Cost of US military offensive against Houthis nears $1 billion with limited impact
CNN
The total cost of the US military’s operation against the Iran-backed Houthi militants in Yemen is nearing $1 billion in just over three weeks, even as the attacks have had limited impact on destroying the terror group’s capabilities, three people briefed on the campaign’s progress told CNN.
The total cost of the US military’s operation against the Iran-backed Houthi militants in Yemen is nearing $1 billion in just under three weeks, even as the attacks have had limited impact on destroying the terror group’s capabilities, three people briefed on the campaign’s progress told CNN. The military offensive, which was launched on March 15, has already used hundreds of millions of dollar’s worth of munitions for strikes against the group, including JASSM long-range cruise missiles, JSOWs, which are GPS-guided glide bombs, and Tomahawk missiles, the sources said. B-2 bombers out of Diego Garcia are also being used against the Houthis, and an additional aircraft carrier as well as several fighter squadrons and air defense systems will soon be moved into the Central Command region, defense officials said this week.
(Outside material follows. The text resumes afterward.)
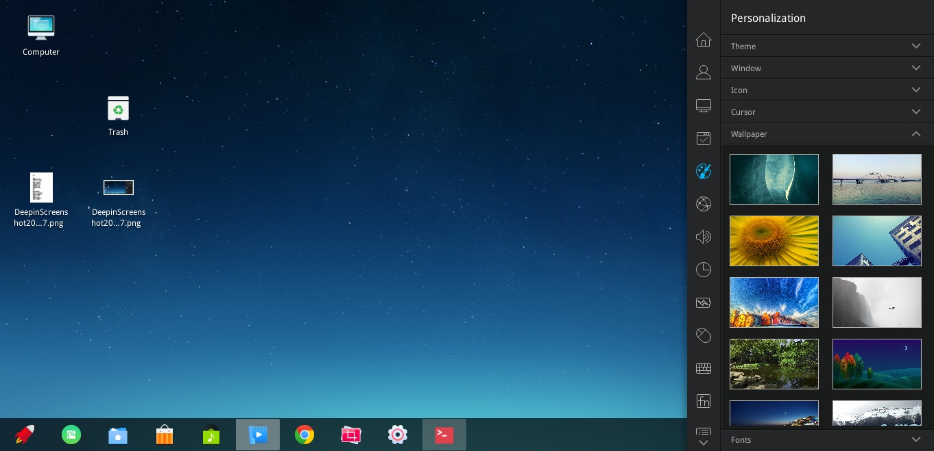 - Desktop-Hintergründe hat Deepin ein paar sehr schöne zur Auswahl.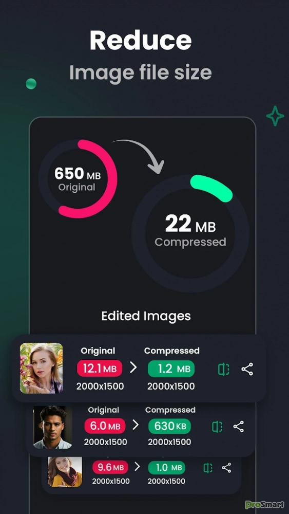 Теперь пришло время попробовать одно из лучших приложений для уменьшения размера изображения! Мы поддерживаем сжатие изображений с помощью передовых технологий, чтобы вы могли наслаждаться плавным сжатием и изменением размера фотографий. ☑️Загрузите наше приложение для сжатия изображений JPEG и изменения размера, чтобы получить удовольствие от сжатия фотографий!

One of the sources said the Pentagon will likely need to request supplemental funding from Congress to continue the operation, but may not receive it — the offensive has already been criticized on both sides of the aisle, and even Vice President JD Vance said he thought the operation was “a mistake” in a Signal chat published by The Atlantic last week. The Pentagon has not publicly disclosed what impact the daily US military strikes have actually had on the Houthis. Officials from the Pentagon’s Joint Staff, US Central Command, US Indo Pacific Command, Office of the Undersecretary of Defense for Policy, and the State Department told Congress in recent days that the strikes have eliminated several members of Houthi leadership and destroyed some Houthi military sites. But they acknowledged that the group has still been able to fortify their bunkers and maintain weapons stockpiles underground, much as they did during the strikes that the Biden administration carried out for over a year, the sources said. And it has been difficult to determine precisely how much the Houthis still have stockpiled, a defense official said.